Theology of the Land — Ira Rifkin

The gap between mainline churches and the American Jewish community is widening, as talk of divestment exacerbates long-standing differences over the Israeli-Palestinian conflict

By Ira Rifkin|November 4, 2004

The gap between mainline churches and the American Jewish community is widening, as talk of divestment exacerbates long-standing differences over the Israeli-Palestinian conflict. Sightings previously addressed whether divestment, in any form, from companies doing business in Israel is appropriate ("Presbyterians and Jews," September 30) and I won’t rehash this point, despite its importance. But it's worth looking at how theological views on the relationship between religion and state contribute to the debate.

Differing viewpoints on religion and state as it applies to Israel surfaced at a recent Washington meeting between center-left Jewish religious and community groups and mainline church representatives.
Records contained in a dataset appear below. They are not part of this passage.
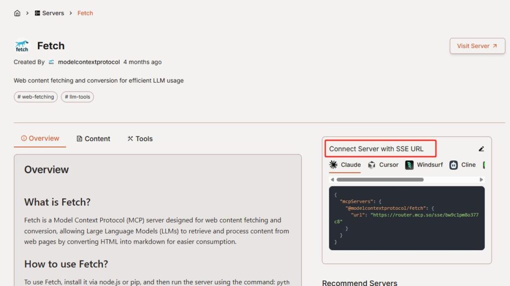 这里以fetch这个能让AI抓取网页内容的服务为例,点开它: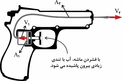شکل روبهرو یک تفنگ آب پاش را نشان میدهد که با فشردن ماشه آن، آب با تندی زیادی بیرون میآید. اگر $A_۲=۰/۵cm^۲,A_۱=۳cm^۲ $ باشند و تندی خروجی آب برابر $\ ۶\frac{cm}{S}$ باشد، آن گاه $V_۱$ بر حسب $\frac{m}{S}$ کدام است؟
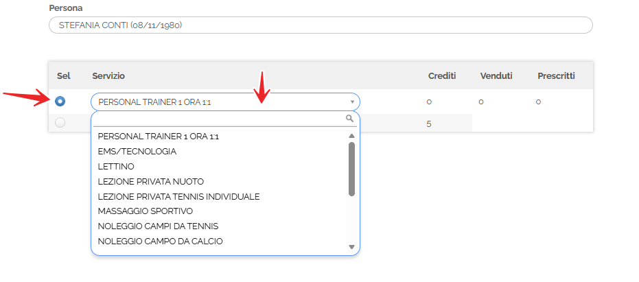 - se il cliente non dispone di un multipack per la prenotazione del servizio oppure non desidera sfruttare il proprio multipack per la prenotazione, basterà selezionare il servizio dal menù a tendina (primo campo) per poi procedere alla vendita del servizio;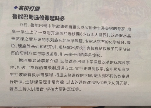 《新女报》:鲁能巴蜀中学选修课趣味多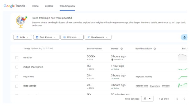 The term ‘Weather’ has surged to the top of Google Trends as rainfall sweept across parts of India, bringing relief to many cities and districts. Amidst a summer marked by intense heat and prolonged drought, the monsoon showers have provided a much-needed respite, prompting a spike in public interest. As the monsoon season progresses, people are eagerly tracking weather updates to stay informed about changing conditions and to plan their activities accordingly. This heightened search interest underscores the significant impact of weather patterns on daily life.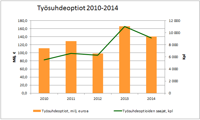 Verovuonna 2014 työnantajien luontoisetuna antamien työsuhdeoptioiden arvo oli yhteensä 140,5 miljoonaa euroa (-15,3 %). Työsuhdeoptioita sai 9 156 henkilöä (-17,0 %).

Put simply, the difference boils down to a theology of the land. Religious Jews, even liberal ones, subscribe to a theology of the land -- the land in question being Israel, of course -- and liberal Protestants do not. The Jewish view entails a Jewish patina to Israel's official character, if not its daily governance, that runs counter to the mainline Protestant ideal of a public square free of religious favoritism. As Paul freed gentile believers from the Law, so did he free them from the need to pray facing Jerusalem.

A liberal Jewish theology of the land need not include traditional Judaism's insistence that God literally promised Israel to the Jewish people. For non-Bible literalists, the Land of Israel is made holy as much by Jewish history and longing as it is by textual references. This sense of holiness -- which religious liberals distinguish from political questions about the land -- is evident in liberal Jewish celebrations of the three pilgrim festivals that coincide with Israel's agricultural calendar, in the multitude of liturgical references to Zion and Jerusalem found in the most liberal of Jewish prayer books, and in the obligation of liberal seminary students to study in Israel.
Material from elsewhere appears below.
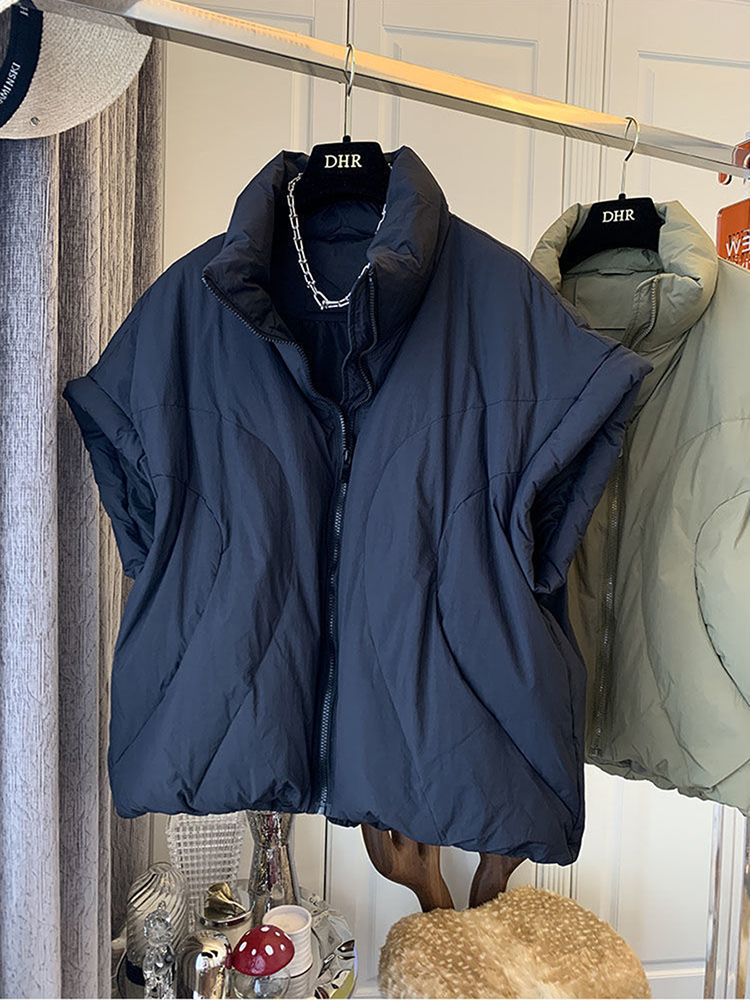 Womens Puffy Vest Down Vest Black Pu Leather Vest Woman Jacket Coat Autumn Winter Outwear Puffer Vest Female Sleeveless Jacket

Moreover, liberal Jews understand the importance of the modern State of Israel to the global Jewish psyche. As Israel goes, so goes Diaspora Jewry's sense of psychological and physical security. For many, Israel is a tangible sign of God's everlasting covenant with the Jews. This holds even for liberal Jews who reject Judaism's traditional understanding of a covenantal relationship.

How is this compatible with liberal religious Jewry's progressive self-image?
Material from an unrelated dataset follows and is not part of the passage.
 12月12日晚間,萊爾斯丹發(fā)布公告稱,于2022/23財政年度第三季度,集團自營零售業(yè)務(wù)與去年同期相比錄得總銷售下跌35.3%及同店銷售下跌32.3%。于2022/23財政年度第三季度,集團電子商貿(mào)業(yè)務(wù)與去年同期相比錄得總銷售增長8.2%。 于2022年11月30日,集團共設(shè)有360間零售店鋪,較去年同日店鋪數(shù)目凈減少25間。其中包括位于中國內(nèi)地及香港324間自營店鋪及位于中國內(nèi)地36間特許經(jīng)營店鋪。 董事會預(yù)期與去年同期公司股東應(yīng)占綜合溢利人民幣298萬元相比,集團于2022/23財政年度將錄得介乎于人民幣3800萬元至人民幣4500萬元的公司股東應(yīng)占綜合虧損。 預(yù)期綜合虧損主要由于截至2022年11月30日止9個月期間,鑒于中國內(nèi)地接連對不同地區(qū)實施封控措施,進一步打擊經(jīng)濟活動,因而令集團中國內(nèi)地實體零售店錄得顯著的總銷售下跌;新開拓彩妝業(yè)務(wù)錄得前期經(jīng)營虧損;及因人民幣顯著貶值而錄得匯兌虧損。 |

An answer emerges from the perplexing question: What does it mean to be a Jew? For liberals, Rabbi Mordecai M. Kaplan perhaps answered that best by calling Judaism an evolving religious civilization, with Israel at its geographic and spiritual center. Judaism, the religion, heavily influences Jewish communal thinking, but one need not be religiously observant, and certainly not traditionally observant, to self-identify as a Jew or to strongly support Israel. That Jews were represented at the Washington meeting by religious and community groups underscores the elasticity of Jewish identity.

This is why even liberal religious Jews say Israel's identity as a Jewish state is more important then the mere existence of a state called Israel. This also explains why liberal Jews who decry the Orthodox stranglehold on Israel's religious life can also adhere to what, for mainline Protestants and others, seems like an impossible contradiction: a secular, democratic Jewish state.

Mainline Protestants rightly fear the heavy hand of state religion. In Israel's case, they fear what the religious settlers' messianic fervor means for Palestinians. Ironically, liberal Jews also fear the settlers' fervor because of the danger it poses for Israel's long-term survival.

Mainline denominations may well move ahead on divestment out of their sincere concern for the ever-worsening situation of Palestinians. Liberal Jews will fiercely dispute the facts, the gap will widen, and the historical cooperation between liberal Jews and mainline Protestants on a variety of American domestic issues will surely suffer. But it is certainly within the churches' right to follow their truth.

But, as mainline Protestants seek to impress liberal Jews with the need to address Palestinian suffering and their just claim for statehood, mainline Protestants need to understand that tactics seen as undermining Israel's long-term survival are, for religious Jews, tantamount to challenging a core point of Jewish theology, both traditional and liberal -- the theology of the land.


Ira Rifkin is a Washington correspondent for The Jerusalem Report and the author of Spiritual Perspectives on Globalization: Making Sense of Economic and Cultural Upheaval (2nd edition, 2004, SkyLight Paths).